Using Intermediate Value Theorem for continuous functions

Question

Let $f: [0,1] \rightarrow \mathbb{R}$ be continuous with $f(1)=f(0)$. Prove that if $h\in \left(0,\frac{1}{2}\right)$ is not of the form $\frac{1}{n}$, then there does not necessarily exist $|x-y|=h$ satisfying $f(x)=f(y)$. Provide an example that illustrates this using $h=\frac{2}{5}$.

So I was given the hint that I can use a modified $sin$ function, however I'm not really sure how I would go about that. Preferably, an example not using that would be great.

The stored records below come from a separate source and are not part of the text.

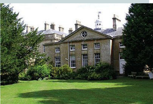
Newton Park Campus, Bath Spa University
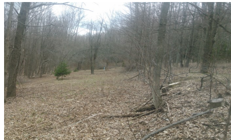
Invasive species cleared out

was promoting the growth of the pre-existing orchard by trimming and planting more apple trees as well as other hardwood and conifer species to diversify the woodlot. The 11.7-acre parcel is 50% wooded and the remainder being field and orchard. The field at this point is a great bedding ground for the deer population.
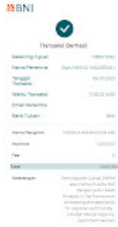
bukti pembayaran biaya pendaftaran.jpg 46K
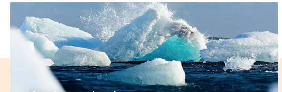
Alaskan glacier water

* Description applies to raw ingredients only
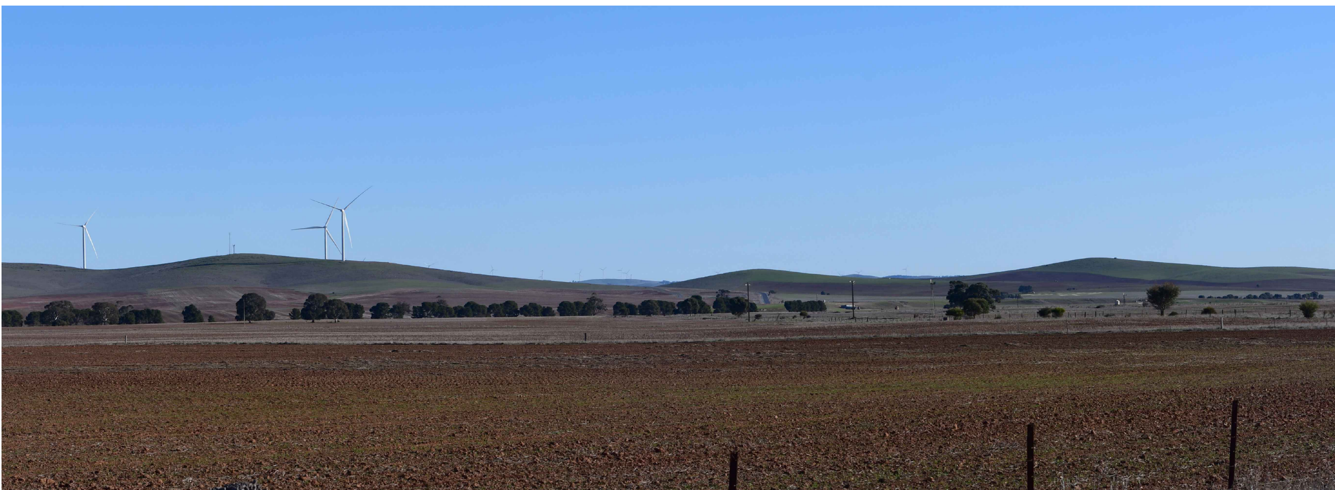
Photomontage PM1 - Existing detail 40 degree field of view
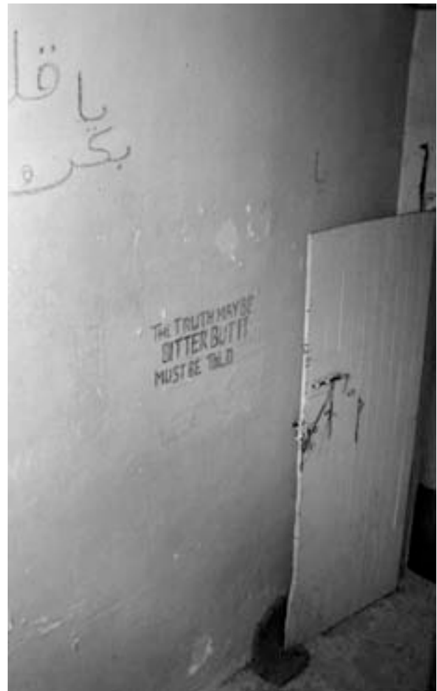
Wall inscription in the former detention centre on Lesbos

For these reasons, the construction of an asylum system in Greece and the European Union is essential. This system must be based on the principle of the absolute respect for human rights and asylum law, as proclaimed by the heads of state in Tampere in October 1999. If this is not the case, then Europe is jeopardising its achievements in human rights development – of which it is rightly proud – at its very own borders.
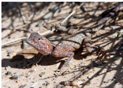
Agama with red hue...

During a recent walk in a tributary of Wadi Shawkah, between Dhaid and Madam, we disturbed a blue rock agama ( Pseudotrapelus sinaitus ), which treated us to a colourful display during our lunch stop. When we first spotted the agama under a small bush it had a rather ruddy red colouration and blended in well with the background.
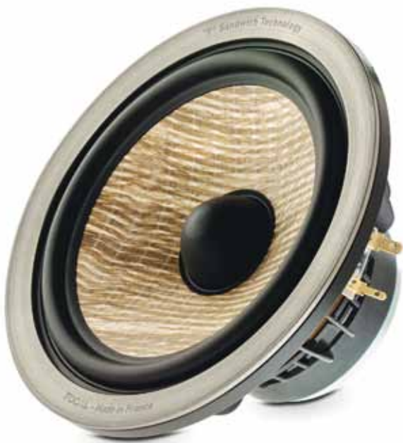
> Flax sandwich driver.

The vast range of Aria 900 products is ideal for stereo and Home Cinema audio systems. The two 8" (21cm) woofers of the 948 model mark a return to true expressive and dynamic high-fidelity loudspeakers.
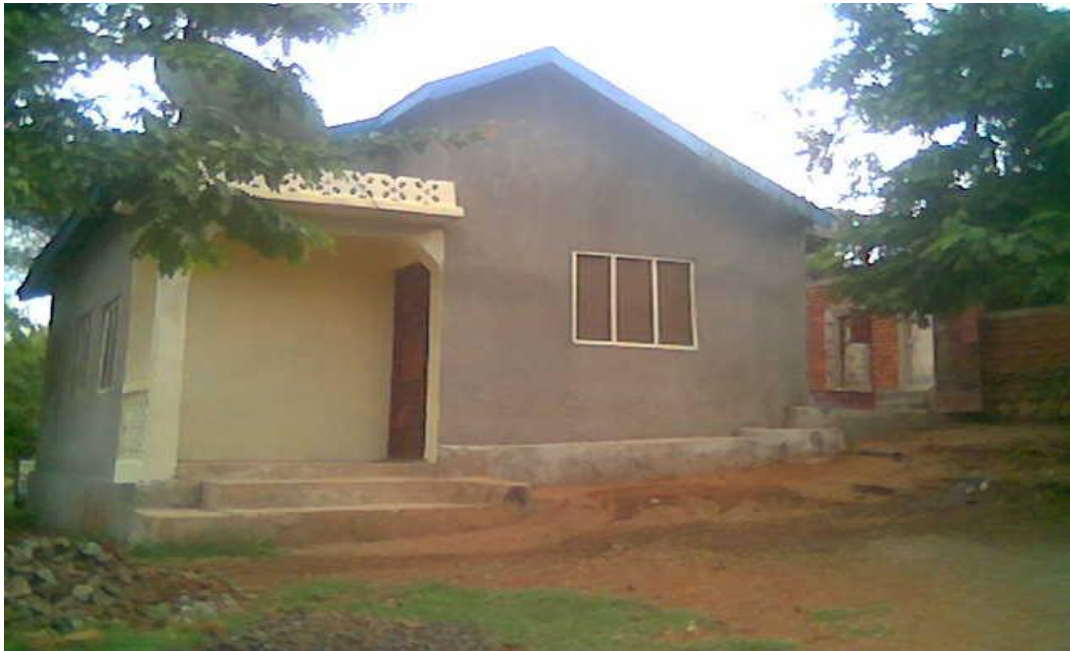
Figure 4.1: The picture showing the improved house of smallholder at Lumuma Village
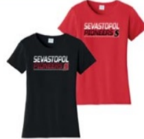
Port & Co Ladies Fan Favorite Tee Ladies Item #LPC450

My thoughts so far are that I use a proof by contradiction saying that $\exists$ $x,y\in[0,1]$ such that $f(x)=f(0)$ and $|x-y|=h$. And I need to get to the point where $h=\frac{1}{n}$, which would create the contradiction (I assume that's the endpoint?). However, how would I use $h=\frac{2}{5}$ to prove that? Is it trivial in that $h=\frac{1}{n}$ is false? Also, it isn't given that $n\in \mathbb{N}$, so maybe I shouldn't assume that?

Answer 1

What would it take to modify $\sin x$ to make it satisfy $f(0) = f(1)$? Well, $\sin 0 = \sin \pi$, so how about $$f(x) = \sin \left(\pi x\right)\,\text{?}$$

Now you just need to show that $$\sin \left(\pi x\right) \ne \sin \left(\pi x + \frac {2\pi}5\right)$$ for any $x \in [0, \frac 35]$, or equivalently, $$\sin x \ne \sin \left(x + \frac {2\pi}5\right)$$ for any $x \in [0, \frac{3\pi}5]$.

A little trig should give you a formula in the tangent satisfied by any $x$ for which the above is true. Show that the only solutions fall outside of $[0, \frac{3\pi}5]$ and you are done.